Perhaps they just want to have Myanmar change its name back to Burma (or, at the very least, Burma: First Blood Part II) but Reuters announced this weekend that police in Myanmar are cracking down hard on anyone selling a DVD of Rambo. According to the report “people are going crazy with the quote ‘Live for nothing, die for something’” and are using it as a rallying cry for the growing democracy movement. See - we aren’t the only ones who are moved by Sly’s words!

In a statement released in Paris (Paris? What’s Rambo doing with the French?!?) Sylvester Stallone was quoted by the Associated Press as saying “Students have now used this film as a rallying point and are using the quote, thinking maybe the American military will intervene and save them.” UGO previously reported that Sly picked Myanmar as the setting for his latest Rambo installment after conferring with “Soldier of Fortune” Magazine in an attempt to find the least reported human rights abuses in the world.

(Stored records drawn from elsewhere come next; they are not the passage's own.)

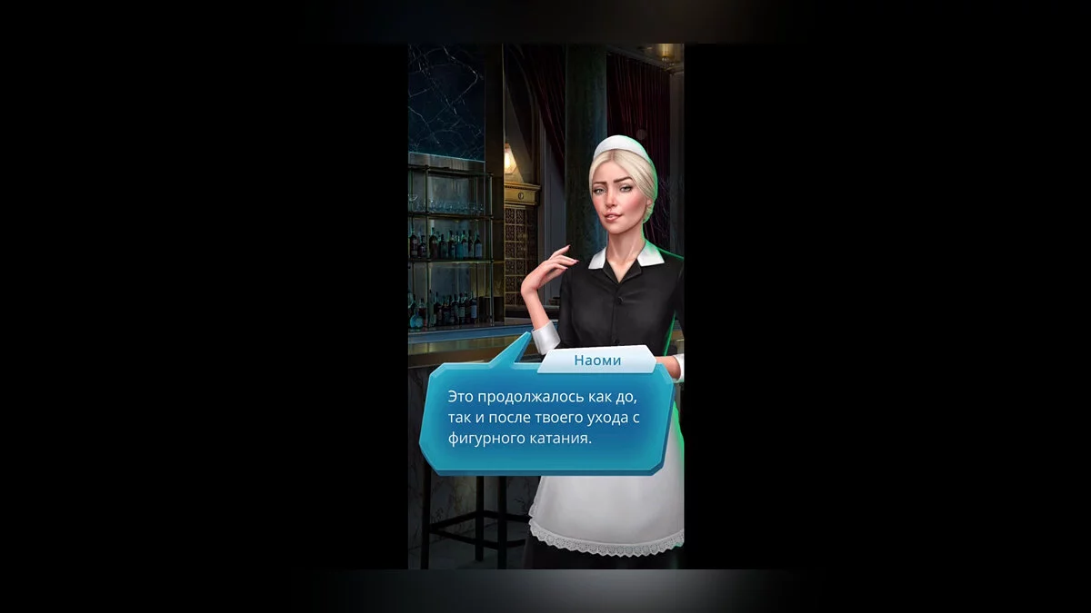 Героиня общается с барменшей.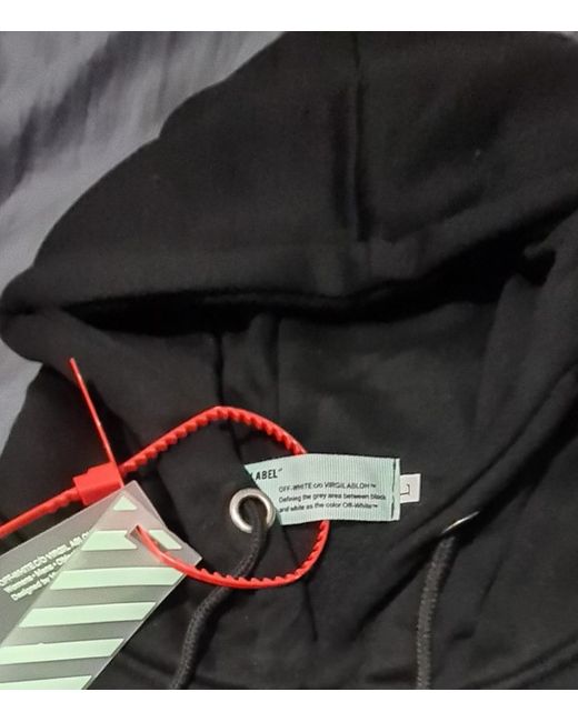 This Off White hoodie in size L is a stylish and comfortable addition to any man's wardrobe. Made from cotton with a black colour, this pullover hoodie features long sleeves and a hooded closure, making it perfect for the winter season. The logo accents add a touch of personalisation to this classic piece, which is machine washable for easy care. Ideal for walking or casual wear, this hoodie from the popular brand Off-White is a must-have for any man looking for a versatile and trendy activewear option.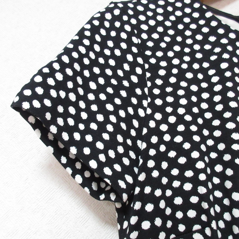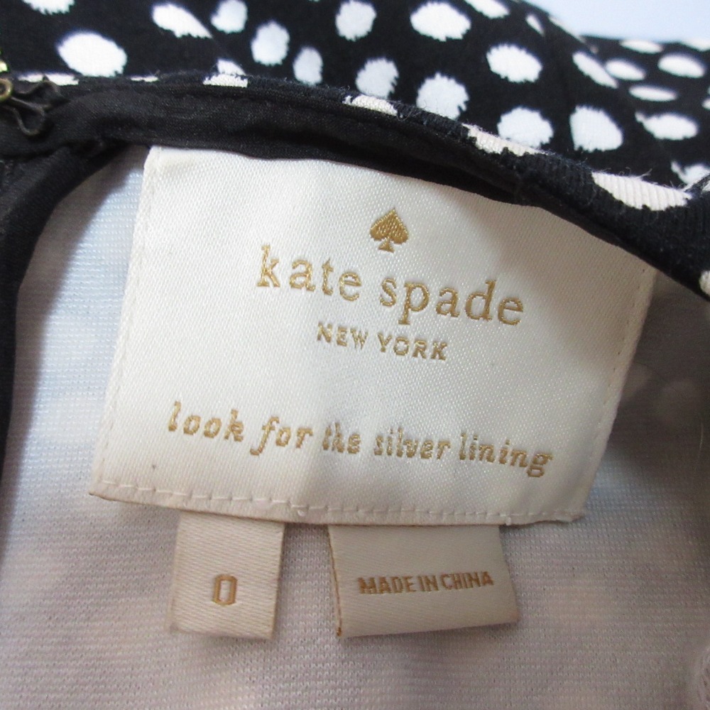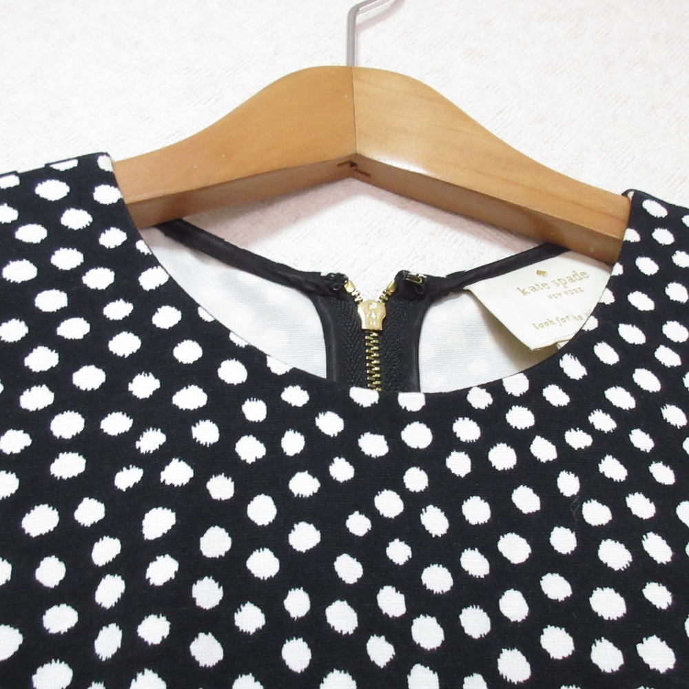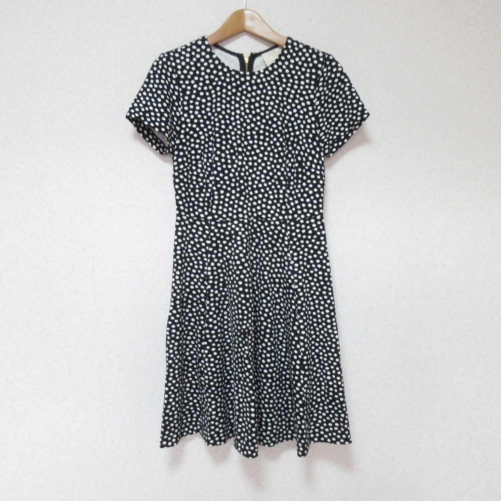 美品 Kate Spade ケイトスペード ドット柄 半袖 ひざ丈 フレアワンピース 0 ブラック
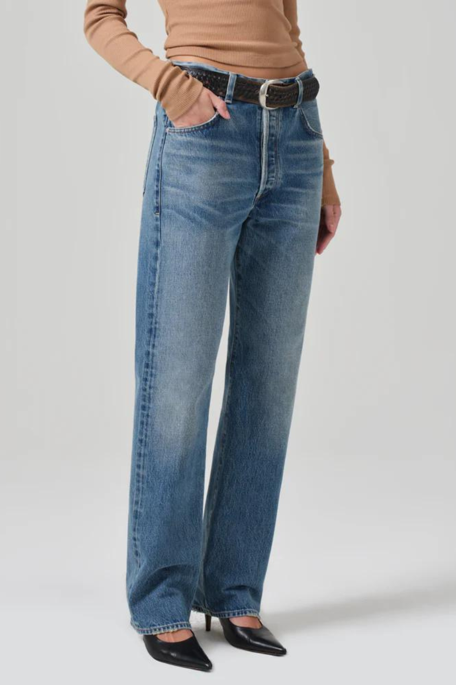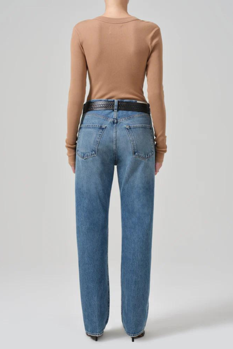 This vintage inspired straight is designed with a high rise, relaxed, classic straight leg and elongated inseam. Crafted from rigid denim.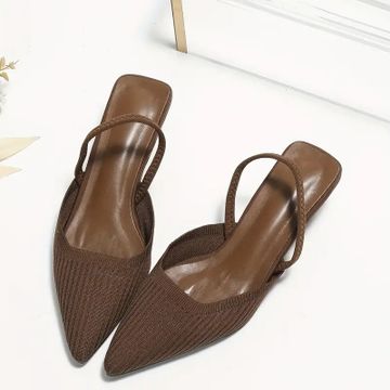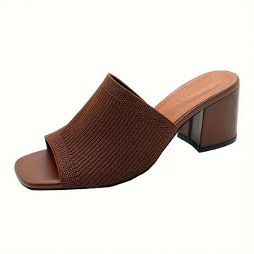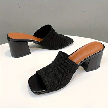 Women's Solid Color Knit Mules, Slip On Flared Heel Casual

We salute Sly for a) bringing the issue of the suffering Burmese (or Myanmarese or whatever) to light, for b) doing it in such a kick-ass way and c) for not getting all whiny like Lars Ulrich about the concept of pirated DVDs. Indeed, the film in question is not available in Myanmar through any “legal” means.

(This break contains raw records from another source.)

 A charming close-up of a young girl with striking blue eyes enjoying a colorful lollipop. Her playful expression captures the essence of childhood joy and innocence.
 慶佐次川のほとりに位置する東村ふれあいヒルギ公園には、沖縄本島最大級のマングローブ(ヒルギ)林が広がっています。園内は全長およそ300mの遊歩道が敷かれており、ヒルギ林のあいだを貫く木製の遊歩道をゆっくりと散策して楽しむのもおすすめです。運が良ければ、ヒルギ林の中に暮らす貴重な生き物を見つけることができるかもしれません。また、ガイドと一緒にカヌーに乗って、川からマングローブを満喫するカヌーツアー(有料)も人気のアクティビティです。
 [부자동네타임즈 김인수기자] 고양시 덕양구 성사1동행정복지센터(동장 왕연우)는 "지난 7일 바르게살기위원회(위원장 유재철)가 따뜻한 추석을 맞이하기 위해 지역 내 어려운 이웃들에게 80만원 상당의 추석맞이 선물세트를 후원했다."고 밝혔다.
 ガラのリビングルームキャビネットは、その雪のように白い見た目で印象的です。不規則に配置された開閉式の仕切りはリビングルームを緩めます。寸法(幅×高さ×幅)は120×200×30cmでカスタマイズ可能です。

Rambo, however, is still playing at a theater near you. And he needs your support.

Jamie Foxx Figure Launches Black History Month at Madame Tussauds Las Vegas

Wednesday, February 6th, 2008 - No Comments »

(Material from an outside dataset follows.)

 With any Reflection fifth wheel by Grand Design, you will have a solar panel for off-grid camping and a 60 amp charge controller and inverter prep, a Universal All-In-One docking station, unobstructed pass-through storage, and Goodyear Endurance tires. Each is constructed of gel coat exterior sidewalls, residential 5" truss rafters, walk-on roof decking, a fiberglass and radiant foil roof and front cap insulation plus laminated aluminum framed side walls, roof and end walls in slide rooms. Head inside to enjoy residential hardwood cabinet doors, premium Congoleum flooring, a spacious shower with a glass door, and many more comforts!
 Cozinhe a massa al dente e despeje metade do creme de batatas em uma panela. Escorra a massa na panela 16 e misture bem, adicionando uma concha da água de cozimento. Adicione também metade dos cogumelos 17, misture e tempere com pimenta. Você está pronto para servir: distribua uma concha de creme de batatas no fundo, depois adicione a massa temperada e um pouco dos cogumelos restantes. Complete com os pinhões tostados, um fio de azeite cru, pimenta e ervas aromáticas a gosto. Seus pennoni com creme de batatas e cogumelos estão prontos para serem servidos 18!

jamie fox jamie fox jamie fox jamie fox twister Madame Tussauds Las Vegas announced that they have chosen Jamie Foxx, one of the most notable performers of our time, to officially open Black History Month in the attraction’s Spirit of America Room, with the official unveiling of his life-like wax figure.

The Foxx unveiling kicks off the “Madame Tussauds Black History” month-long celebration. Foxx will join other famous notable African-American figures already on display as part of the exhibit. Figures included are Muhammad Ali, Louis Armstrong, James Brown, Whoopi Goldberg, Jimi Hendrix, Michael Jordan, Martin Luther King, Jr. and Oprah Winfrey. Every figure on display will be accompanied with a biography that acknowledges the significant contributions that each of these individuals has made to shape American history. The exhibit is ideal in educating not only adults, but also students — with the attraction already having confirmed a number of field trips as a direct response to the exhibit.